2. The multifunctional road cyclic load detector as claimed in claim 1, wherein a linear guide rail (8) is mounted on the multifunctional platform (1), a slider (9) is disposed on the linear guide rail (8), an adapter plate (10) is mounted on the slider (9), a first horizontal module (16) and a second horizontal module (17) are mounted at the bottom of the adapter plate (10), a moving bracket (18) is mounted between the adapter plates (10), a first pressurizing module (12) and a second pressurizing module (13) are disposed on two sides of the moving bracket (18), and an accelerating module (14) is disposed in the middle of the moving bracket (18).

3. The multifunctional road circulating load detector as claimed in claim 2, wherein the first horizontal module (16), the second horizontal module (17) and the accelerating module (14) are based on a cored linear motor, the structure of the multifunctional road circulating load detector comprises a rectangular permanent magnet (141) and a cored coil (142), the rectangular permanent magnet (141) is adhered to a magnetic plate, and the cored coil (142) is installed on the adapter plate (10).

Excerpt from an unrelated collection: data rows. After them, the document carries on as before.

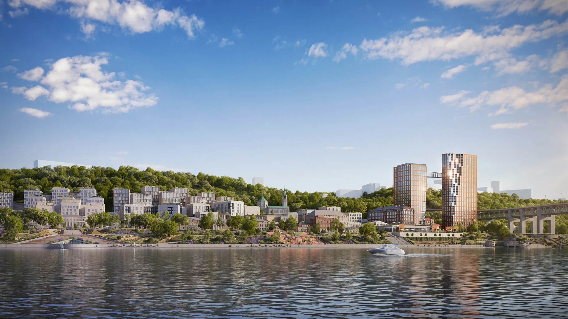 Однако сегодня ситуация кардинально меняется. Концепция развития предполагает создание здесь полноценного современного пространства с жилой застройкой, административными зданиями, гостиницами, социальными объектами и, конечно же, прогулочными зонами вдоль воды.
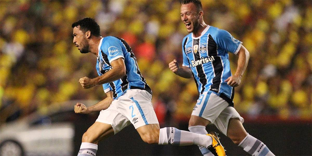 Autre Monumental, autre ambiance bouillante. À Guayaquil, Barcelona accueillait Grêmio et espérait faire un grand pas vers une nouvelle finale depuis celle de 1998 (déjà face à un Brésilien). Si les Toreros d’Almada, privés d’un de leurs hommes clés, Jonathan Álvez, espéraient conserver leurs chances en vue du retour, l’affaire est bien mal partie. Après avoir éliminé trois Brésiliens, Barcelona est tombé sur un os nommé Grêmio, bien plus efficace et réaliste. Il ne fallait que sept minutes et une frappe de Luan détournée par un défenseur pour voir le Tricolor Gaúcho prendre les devants dans cette deuxième demi-finale. Barcelona marquait le coup mais cherchait à bousculer l’arrière garde des visiteurs en appuyant notamment sur les côtés. Mais les Equatoriens allaient de nouveau se faire piéger. Banguera sous-estimait les capacités de tireur de coup franc d’Edilson, son mini-mur (aussi ridicule que mal placé) s’effritait sur la frappe du Brésilien qui filait droit dans les buts, on jouait depuis 20 minutes, Grêmio menait 2-0 et semblait avoir tué le match. Les visiteurs se repliaient alors, attendant tranquillement de voir les locaux se casser les dents sur leur défense. Marcelo Grohe sortait un arrêt exceptionnel en tout début de second acte devant Nahuelpán, dernier coup de massue car dans la foulée, Luan pliait l’affaire, seul dans la surface. À 3-0, Grêmio pouvait alors gérer, les hommes de Renato Gaúcho allaient même montrer enfin quelques belles séquences de possession et de fluidité. Ils n’ont jamais été aussi près de la finale.
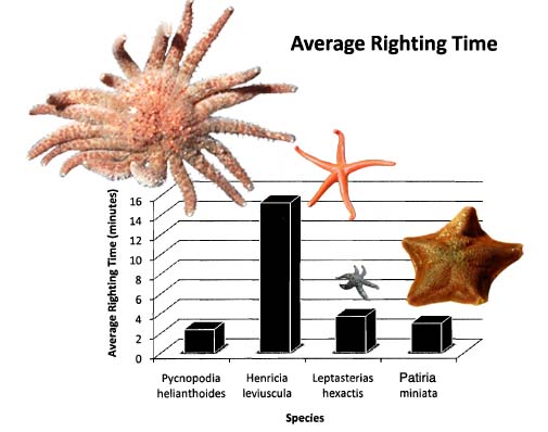 Fig. 1. Righting times for a variety of sea stars. Times are measured in seconds, rather fussily; minutes would have been more informative. Photos are not in scale
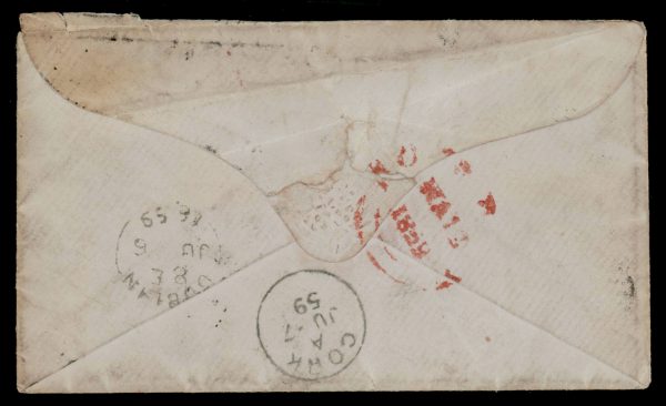Early India Cancellations: Cooper type 4 on 1859 6a cover from Bombay to Ireland via Marseilles

4. The multifunctional road circulating load detector as claimed in claim 2, wherein the first pressurizing module (12) and the second pressurizing module (13) are based on a coreless linear motor, and the structure of the multifunctional road circulating load detector comprises a U-shaped magnet (121) and a coreless coil (122), the U-shaped magnet (121) is installed in a U-shaped base, the U-shaped base is fixed on the adapter plate (10), the length of the coreless coil (122) is smaller than that of the U-shaped base, and the coreless coil (122) is fixed on the traveling bracket (18).

5. The multifunctional road circulating load detector as claimed in claim 2, wherein a connecting rod (19) is mounted on the adapter plate of the iron-cored coil (142) of the acceleration module (14), a heavy hammer (24) is mounted on the connecting rod (19), a pressing wheel (23) is mounted at the bottom of the heavy hammer (24), the heavy hammer (24) is of a gantry structure, a jacking cylinder (21) is mounted at the bottom of the gantry structure, a cushion block (22) is mounted on the output shaft of the jacking cylinder (21), and a cylinder base of the jacking cylinder (21) is mounted on a bearing, wherein the bearing is fixed in a bearing seat at the bottom of the heavy hammer (24).

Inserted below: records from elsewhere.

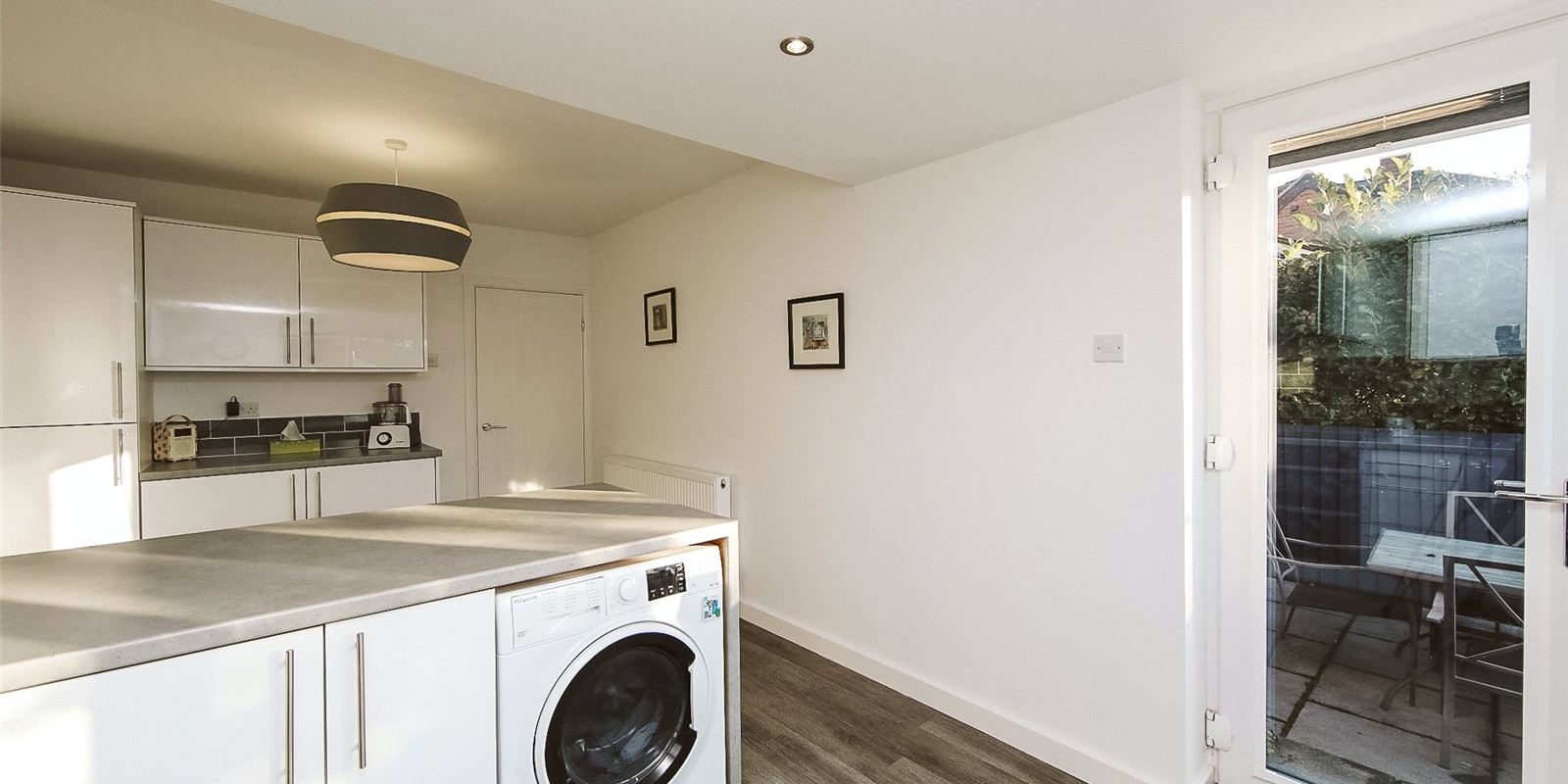 The welcoming entrance hall leads into a spacious open-plan living area, seamlessly connecting the living room, dining room/optional bedroom, and the impressive modern kitchen. Flooded with natural light, the kitchen features generous floor space perfect for cooking, dining, and entertaining.
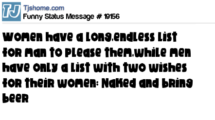 X says women have a long,endless list for man to please them,while men have only a list with two wishes for their women: Naked and bring beer
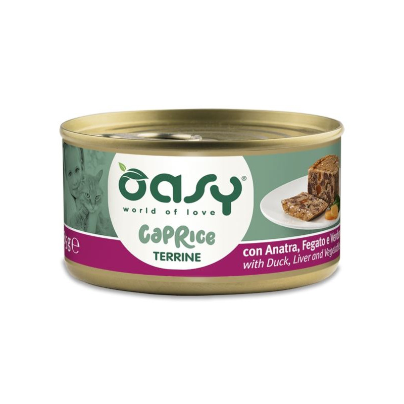 Oasy Caprice Terrine to pełnowartościowa karma mokra dla kotów w formie pysznego pasztetu. Jest to idealny posiłek nawet dla najbardziej wybrednych podniebień. Formuła karmy nie zawiera zbóż. GMO czy soi, wykonana z wysokiej jakości naturalnych składników, bez konserwantów i sztucznych aromatów.
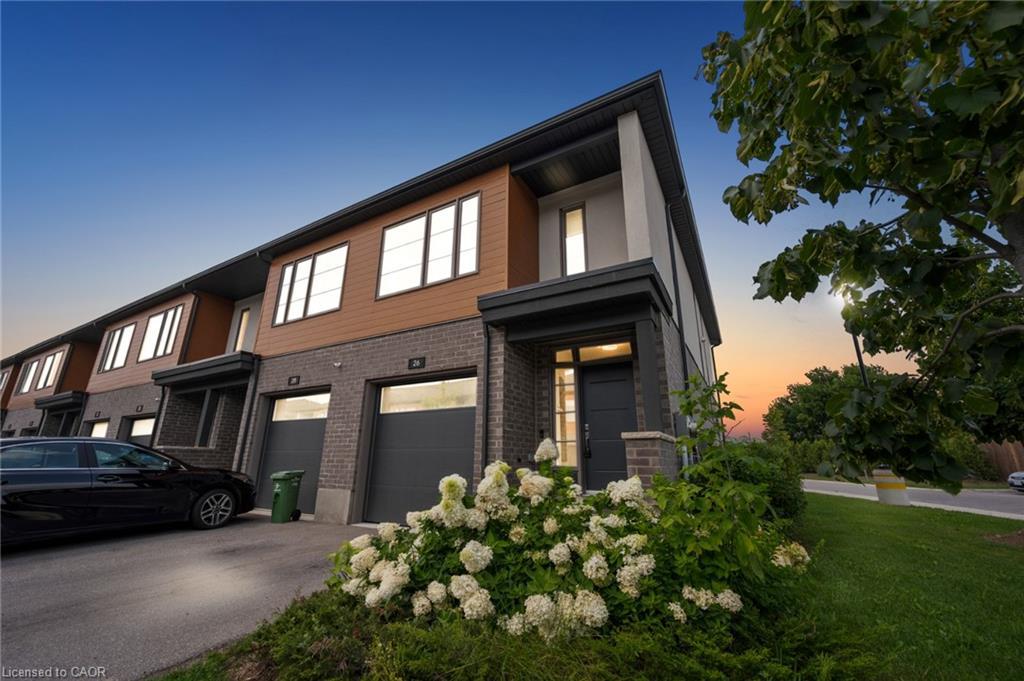 Welcome To 26 Steele Crescent, A Stunning Condo Townhome Where Contemporary Style Meets Everyday Comfort In One Of Guelphs Most Desirable Neighbourhoods. Offering 1,342 Sq. Ft. Of Bright, Open Living Space, This 3-Bedroom, 2.5-Bathroom Home Is Designed For Modern Living And Effortless Entertaining. The Main Level Showcases Premium Vinyl Flooring And A Thoughtfully Planned Open-Concept Layout. At Its Heart, The Gourmet Kitchen Features Quartz Countertops, Built-In Appliances, Sleek Cabinetry, And A Large Peninsula With SeatingPerfect For Morning Coffee Or Casual Conversations. Flowing Seamlessly Into The Combined Living And Dining Area, This Space Opens To The Backyard With A Walkout That Extends Your Living Outdoors For Summer Gatherings, While A Stylish 2-Piece Powder Room Completes The Level. Upstairs, The Primary Suite Offers A Private Retreat With A Spacious Walk-In Closet And A Beautiful 3-Piece Ensuite, While Two Additional Bedrooms, A Modern 4-Piece Bath, And Convenient Upper-Level Laundry Add To The Homes Practicality. Ideally Located Near Schools, Parks, Shopping, And All Of Guelphs Fantastic Amenities, With Quick Access To Major Highways For An Easy Commute, This Property Combines Contemporary Design With Everyday Convenience. To Top It Off, The Monthly Maintenance Fees Cover All Ground Maintenance, Including Grass Cutting, Seasonal Clean-Up, And Snow Removal Ensuring A Truly Low-Maintenance Lifestyle In A Vibrant Community.
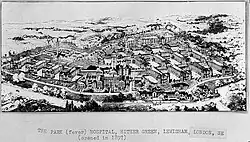 During the nineteenth century the Metropolitan Asylums Board (MAB) built a number of fever hospitals around London.[3] While patients received medical care they were removed from crowded neighbourhoods and isolated to help prevent epidemics. These hospitals were for working-class people from poor quality urban housing. More prosperous patients would generally be nursed at home.[2] Hospital buildings had separate wards, which were often separate blocks, for different illnesses, and they were designed to provide plenty of fresh air with lofty ceilings and "airing courts" where patients could spend time outside, in sunshine as far as possible.[4]
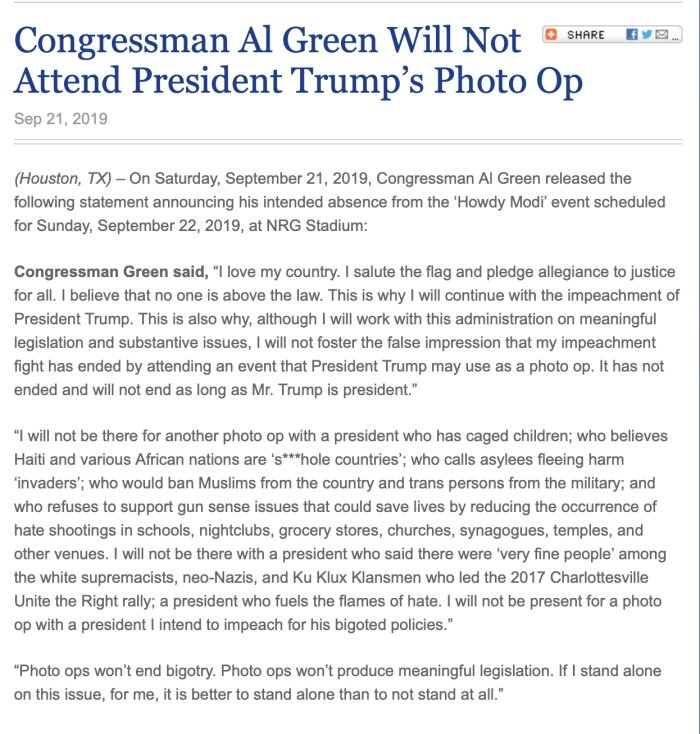 An Seventh Democratic Party representative, Al Green pulled out from attending the Howdy Modi event not because of his imaginary opposition to Prime Minister Modi but because of his domestic political reasons. That fact is evidenced by the statement published on his official website.

6. The multifunctional road cyclic load detector as claimed in claim 1, wherein a first radar (3) is installed at the front end of the multifunctional platform (1), a second radar (4) is installed at the rear end of the multifunctional platform (1), the first radar (3) comprises a receiving antenna (301) and a transmitting antenna (302), the receiving antenna (301) and the transmitting antenna (302) are disc-shaped, and a breadth adjusting shaft (303) is arranged between the disc and the installation platform.

7. The multifunctional road cyclic load detector as claimed in claim 1, wherein the electric control part of the multifunctional platform (1) comprises two parts of a main control system and a transceiver system, the main control system comprises a pressure sensor NHDR2X6, a signal acquisition processor HX711-BF and a mass storage system STM32F101C8T6, the PO1 and PO2 pins of the mass storage system STM32F101C8T6 are connected with oscillators as crystal oscillator clocks, and the transceiver system comprises two parts of a transmitting controller and a receiving controller.